Introduction

Intracranial aneurysm (IA) is confined, pathological dilatations of the walls of intracranial arteries, which currently considered a chronic inflammatory disease that affects the intracranial arteries (Aoki et al., 2017) with a prevalence of approximately 3% in the general population (Vlak et al., 2011). About 85% of spontaneous subarachnoid hemorrhage (SAH) is due to ruptured IA (Macdonald et al., 2017). Unruptured IAs (uIAs) are frequently asymptomatic, but IA rupture can result in aneurysmal subarachnoid hemorrhage (aSAH), which has a poor prognosis (30% of death, 30% of independence and 30% of dependence), with patients often suffering from a disability or even death (Chen et al., 2020; (Nieuwkamp et al., 2009). In light of the elevated rates of mortality and morbidity brought on by IA, it is crucial to explore the pathogenesis of intracranial aneurysm.

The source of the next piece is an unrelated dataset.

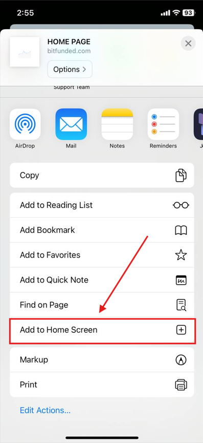 Scroll down and select **“Add to Home Screen”**

Polyunsaturated fatty acids (PUFA) are fatty acids that contain multiple double bonds in their molecular structure. According to the position and number of double bonds, polyunsaturated fatty acids can be further divided into two categories, omega-3 and omega-6. The long-chain omega-3 polyunsaturated fatty acid (omega-3) and docosahexaenoic acid (DHA) have been suggested to have cardioprotective (Burr et al., 1989; (Wang et al., 2006), anti-inflammatory (Massaro et al., 2006), immunoregulatory (Yang et al., 2013), antioxidant (Carrepeiro et al., 2011; (Bouzidi et al., 2010) and anti-tumor activities (Calviello et al., 2006). A recent study reported a significant decrease in red blood cell distribution width, pulse wave analysis and heart rate in patients with abdominal aortic aneurysm who were supplemented with 1.8 g of long-chain omega-3 polyunsaturated fatty acids for 12 weeks, suggesting an improving in intravascular inflammation and vascular stiffness (Meital et al., 2019; (Meital et al., 2020). Omega-3 and DHA down-regulate multiple aspects of the inflammatory process, such as oxidative stress and inflammation in macrophages (Meital et al., 2019). According to a recent retrospective study, high levels of free fatty acids on admission can provide some reference predictions for the poor prognosis of patients with aSAH at 3 months (Wang et al., 2021). Other studies demonstrated that arachidonic acid (AA) and AA-containing phospholipids were not detected in unruptured IA walls, whereas AA and AA-containing phospholipids were detected in significantly higher amounts in ruptured IA walls than in unruptured IA walls (Takeda et al., 2021).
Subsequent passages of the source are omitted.